Free-breathing multi-parametric SASHA (mSASHA) mapping provides reliable non-contrast myocardial characterization in a pediatric and adult congenital population.

作者信息

Christopher Adam B, Gurijala Nyshidha, Cross Russell R, Olivieri Laura J, Chow Kelvin

机构信息

Division of Cardiology, UPMC Children's Hospital of Pittsburgh, Pittsburgh, PA, USA.

Boston University Medical Center, Boston, MA, USA.

出版信息

Int J Cardiovasc Imaging. 2025 Mar;41(3):549-557. doi: 10.1007/s10554-025-03341-w. Epub 2025 Jan 29.

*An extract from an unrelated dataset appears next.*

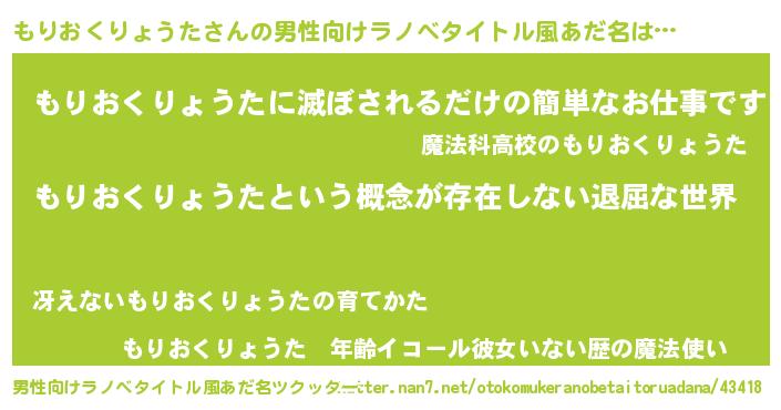 | 女子向けラノベタイトル風あだ名 | 『異世界で失敗しない100のもりおくりょうた』 |

DOI:10.1007/s10554-025-03341-w
PMID:39875701
Abstract

Parametric mapping has become a standard of care technique for the non-invasive assessment of myocardial edema and fibrosis. Conventional MOLLI-based T1 mapping is susceptible to many confounding effects particularly in the pediatric population. The requirement for compliant breath holds is a major limitation for younger or more ill patients. The advent of free-breathing SASHA-based multi-parametric mapping with motion correction therefore offers a significant advantage in pediatric cohorts. With IRB approval and consent/assent, children and adults with congenital heart disease underwent both conventional breath-held MOLLI-based T1 and T2 TrueFISP mapping as well as free-breathing multi-parametric SASHA assessment in the context of a clinically indicated study on a 1.5T magnet. A total of 71 subjects with mean age of 19.3 ± 8.6 years were scanned. Free-breathing multiparametric SASHA T1 and T2 values were moderately correlated with breath-held MOLLI/T2p-bSSFP (r = 0.52). Importantly free-breathing SASHA-based T1 maps were able to discriminate between patients with late gadolinium enhancement with a statistically significant difference in mean T1 values (p = 0.03). Free-breathing multiparametric SASHA allows for reliable myocardial characterization with moderate correlation to conventional breath-held T1 and T2 mapping techniques in a small and heterogenous sample of pediatric and congenital cardiac subjects.

摘要

参数映射已成为心肌水肿和纤维化无创评估的标准护理技术。传统的基于MOLLI的T1映射易受多种混杂效应的影响,尤其是在儿科人群中。对于年幼或病情较重的患者,要求保持呼吸配合是一个主要限制。因此,基于自由呼吸SASHA的多参数映射并带有运动校正的技术在儿科队列中具有显著优势。经机构审查委员会(IRB)批准并获得同意/赞成后,患有先天性心脏病的儿童和成人在一项针对1.5T磁体的临床指示研究中,接受了传统的屏气基于MOLLI的T1和T2 TrueFISP映射以及自由呼吸多参数SASHA评估。总共扫描了71名平均年龄为19.3±8.6岁的受试者。自由呼吸多参数SASHA的T1和T2值与屏气MOLLI/T2p-bSSFP呈中度相关(r = 0.52)。重要的是,基于自由呼吸SASHA的T1图能够区分延迟钆增强患者,其平均T1值存在统计学显著差异(p = 0.03)。自由呼吸多参数SASHA能够在一小群异质性的儿科和先天性心脏病受试者中,与传统的屏气T1和T2映射技术进行中度相关的可靠心肌特征分析。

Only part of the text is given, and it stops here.